Autodesk (NASDAQ:ADSK) delivered once again strong quarterly figures, with both revenues ($637m vs. consensus of $604m) and EPS ($0.35 vs. consensus of $0.28) coming in ahead of expectations. Revenue growth accelerated to 13% vs. 4% in Q1 as strength was relatively broad-based, with both Construction (32% of revenues) and Manufacturing (25% of revenues) performing well (+23% and +17% respectively) and with most geographies contributing to the beat. Asia was solid at +8% despite the temporary economic slowdown in Japan due to the recent implementation of the sales tax hike. Importantly, the business model transition from licenses to Cloud & subscriptions continued to perform ahead of expectations, leading Autodesk to raise its FY15 net adds target to 200-250K from 150-200K. Billings growth, now widely viewed as a key metric as it takes into account the business model transition, accelerated to 27% in Q2 from 12% in Q1, boding well for future revenue growth.
We have been saying since our January article "Autodesk: A Different And Safer Way To Play The 3-D Printing Revolution" that Autodesk was likely to keep surprising on the upside, as the company's two main verticals (Construction and Manufacturing) benefited from an increasingly supportive environment: a strong commercial construction market (which typically lags residential construction recoveries by 6-12 months) and an improving macro for Autodesk's Manufacturing customers, notably in the important Japan and Europe geographies. We believe that these drivers remain intact and that the revenue & earnings revision cycle (FY15 revenue growth guidance raised to 7-9% from 4%-6%) will remain positive in coming quarters. We also explained in our previous articles that the model shift from licenses to Cloud was a clear positive as revenue streams would become more recurring and predictable (based on subscriptions) and as new paying users would join (upfront costs are more attractive vs. licenses).
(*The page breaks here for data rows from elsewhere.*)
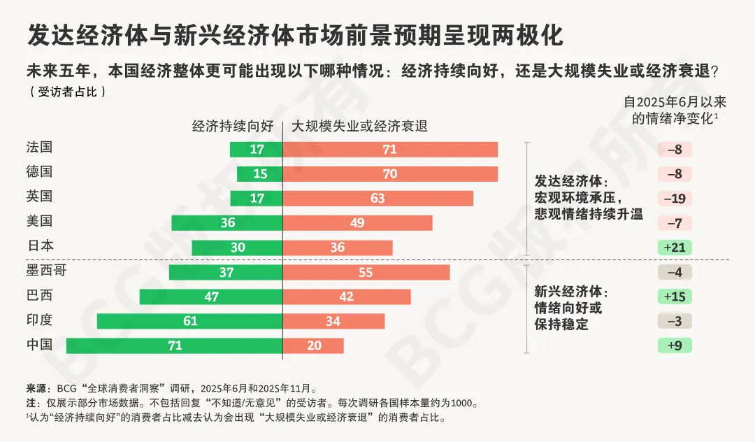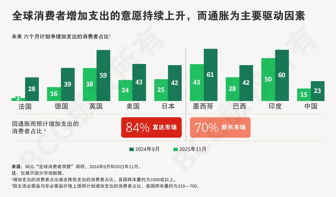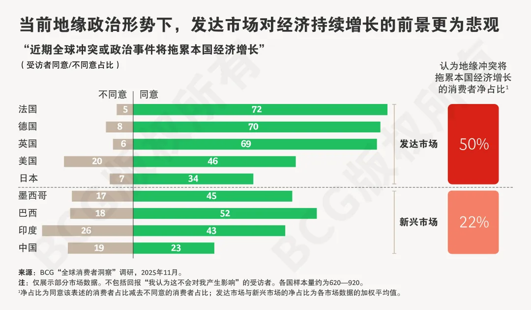 在通胀持续推高生活成本的背景下,全球消费者预计支出将上升,但这一增长并非源自消费意愿,而是“被动应对”的结果。中国消费者与全球趋势同频共振——支出决策愈发理性、消费优先级持续重排。自2025年6月以来,多数发达经济体的消费者对经济增长的信心持续走弱。对消费品与服务企业而言,持续洞察消费者情绪变化、理解压力之下的真实选择逻辑,是在谨慎消费时代寻找增长机会的关键。
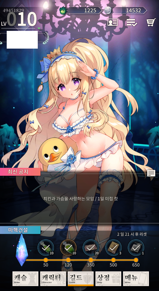 그래서 마정석 or 모아둔 체력물약 or 과금으로 채워야한다.
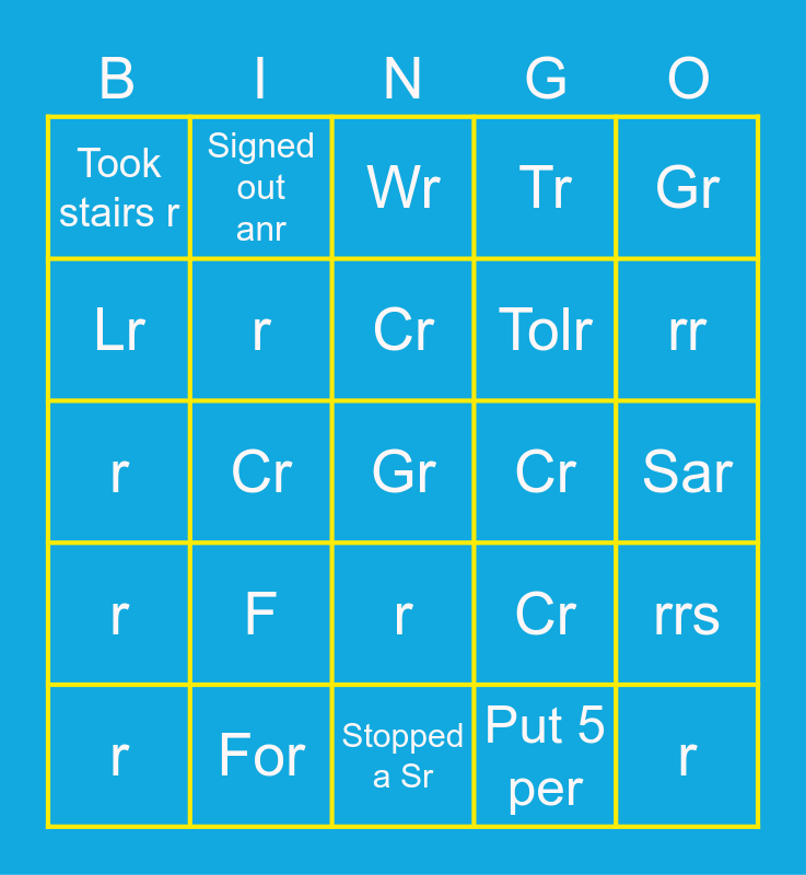 This bingo card has a free space and 24 words: F, For, Cr, r, Gr, Took stairs r, Lr, Signed out anr, Cr, r, Tolr, r, Cr, rrs, r, Put 5 per, Sar, Wr, rr, Cr, r, r, Tr and Stopped a Sr.
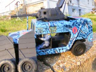 My goal for Cobra urban forces is to make them stand out like a sore thumb. If no one sees you they can not be terrorized. I want the population to be able to spot a Cobra Urban Attack vehicle from several blocks away and be able to easily identify it as being part of Cobra so they can run and run fast and far.A terrorist organization's biggest strength is to be able to strike terror into the hearts of masses. If they can turn people and make them run before they even get close it makes for much less resistance. I believe this is why the original Alley Viper had a safety orange jumpsuit with electric blue camo. Because Cobra wanted everyone to see them coming and run.
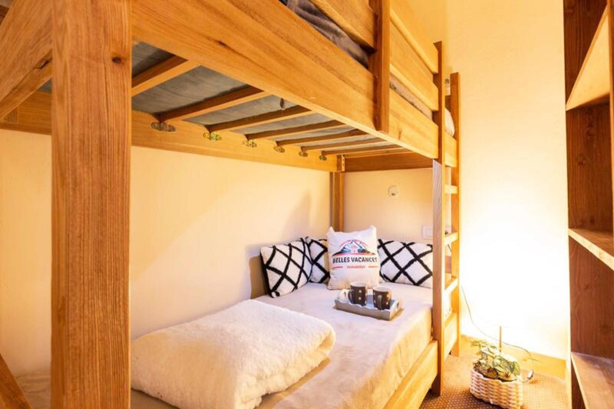 Dieses geräumige, 78 m² große Maisonette-Apartment bietet einen komfortablen Aufenthalt für bis zu 10 Gäste und verfügt über 3 Schlafzimmer und 1 Kabine. Im Erdgeschoss befinden sich ein Schlafzimmer mit 2 Etagenbetten, ein Wohnzimmer mit ausziehbarem 2-Sitzer-Schlafsofa und TV sowie eine voll ausgestattete Küche. Im Obergeschoss befinden sich zwei Schlafzimmer mit jeweils einem Doppelbett und ein Flur mit zusätzlichen Etagenbetten. Mit einem Badezimmer auf jeder Ebene sorgt das Apartment für ausreichend Platz und Komfort. Die Unterkunft ist nicht haustierfreundlich, so dass allen Gästen eine saubere und ruhige Umgebung geboten wird. Den Gästen stehen ein überdachter Parkplatz und ein Skiraum zur Verfügung. Das Apartment liegt im Herzen von Saint Lary Soulan, nur 200 Meter vom Thermo Ludique Centre und den Thermalbädern entfernt, ideal zum Entspannen nach einem aktiven Tag. Die neue Seilbahn, die einen einfachen Zugang zum Skifahren bietet, ist nur 300 Meter entfernt. Gäste können die lebendige Atmosphäre des Dorfes mit seiner Vielzahl an Geschäften, Cafés und Restaurants genießen, die alle zu Fuß erreichbar sind. Die Küche des Apartments ist komplett mit einem Cerankochfeld, einer Mikrowelle, einem Geschirrspüler und einem Kühl-/Gefrierschrank ausgestattet und eignet sich daher perfekt für die Zubereitung von Mahlzeiten. Der sonnige Balkon bietet mit Gartenmöbeln einen ruhigen Ort zum Entspannen, während die Badezimmer sowohl Bequemlichkeit als auch Komfort bieten. Zu den weiteren Annehmlichkeiten gehören ein Skiraum zur Aufbewahrung Ihrer Ausrüstung und sichere überdachte Parkplätze, damit Sie während Ihres Aufenthalts beruhigt sein können.
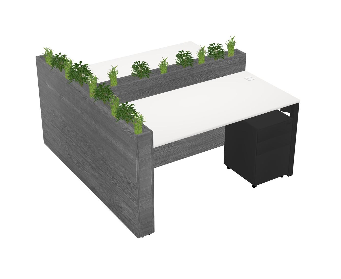 White Rectangular Shared Office Desk System Metal Mobile Drawers (Pots & Plants Sold Separately)
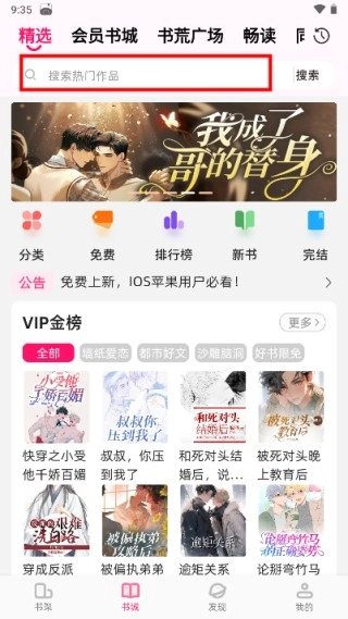 打开海棠书城App后,进入书城首页,点击搜索栏就能通过书名来查找书籍。
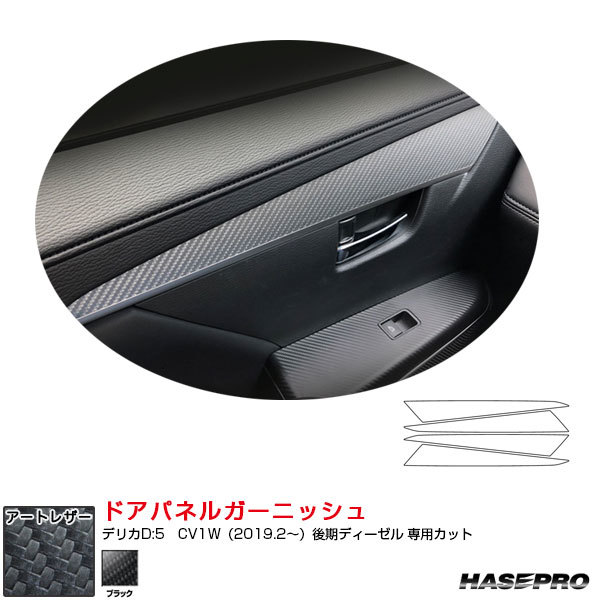 - アートレザー ドアパネルガーニッシュ デリカD:5 CV1W(2019.2~)後期ディーゼル カーボン調シート ブラック ハセプロ LC-DTRM3
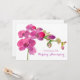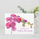 Um convite de festa de aniversário de 25 anos de casamento com orquídea decorado com flores de orquídea pintadas à mão em tons ricos de rosa fúcsia e roxo ameixa. As orquídeas rosa são a flor tradicional do 14º e 25º aniversário de casamento de um casal. Na Linguagem das Flores, a orquídea representa respeito e elegância.
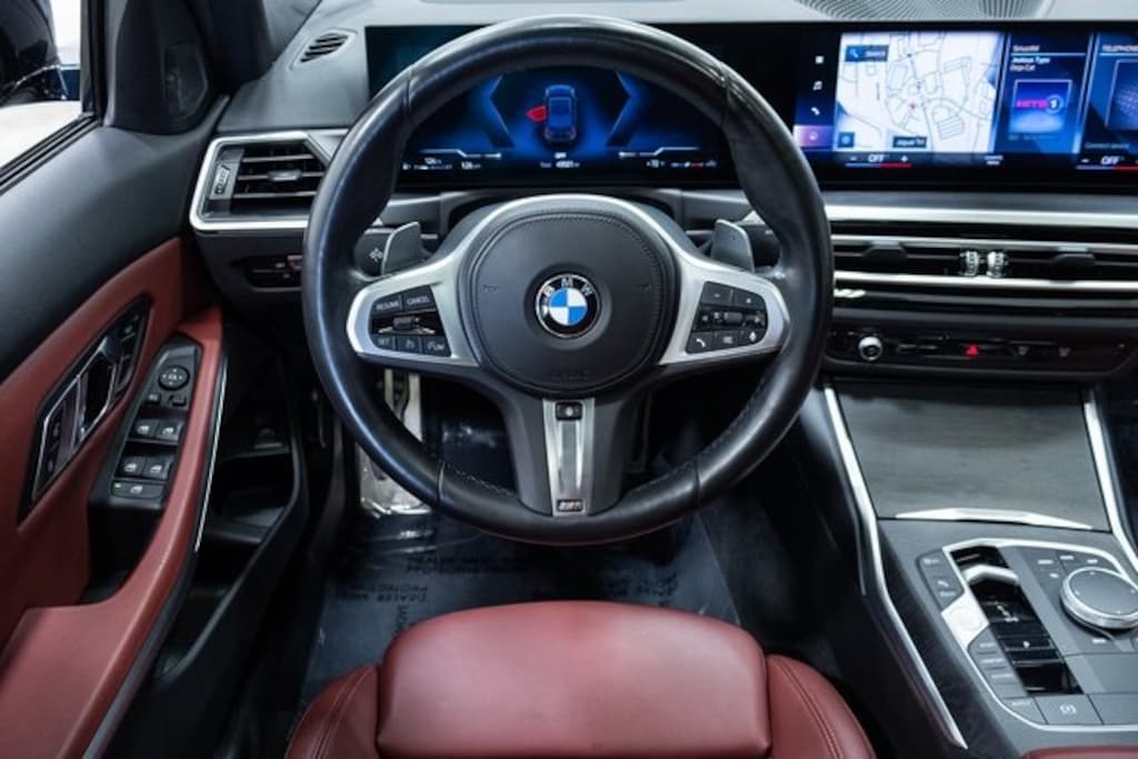 Black Sapphire Metallic 2023 BMW 3 Series 330i xDrive AWD, Tacora Red Perforated SensaTec Interior, Live Cockpit Pro w/ Navigation, Rear View Camera, Harman Kardon Surround Sound, Active Blind Spot Detection, Active Driving Assistant, Apple CarPlay & Android Auto Compatibility, BMW Curved Display w/HUD, Comfort Access Keyless Entry, Connected Package Pro, Driving Assistance Package, BMW Assist eCall, Heated Front Seats, Heated Steering Wheel, Lane Departure Warning System, LED Lights w/Cornering Lights, M Sport Package, M Sport Package Pro, Park Distance Control, Power moonroof, Premium Package, Remote Engine Start, Shadowline Package, 19" M Double-Spoke Alloy Wheels and More. Call TODAY to schedule a test drive!

In conclusion, we reiterate that Autodesk is a different and safer way to play the 3-D printing revolution, with valuation levels and earnings expectations much more decent than 3-D printing stocks such as 3D Systems (NYSE:DDD). Note that the January 2015 P/E is expensive at first sight (46x) but that this is due to Autodesk's financials being distorted by the current model transition. Assuming a normative operating margin of 30%, the stock's P/E would stand slightly above 20x, which is not overly demanding for a software company with a leading position and the opportunity to play a key role in the 3-D printing revolution.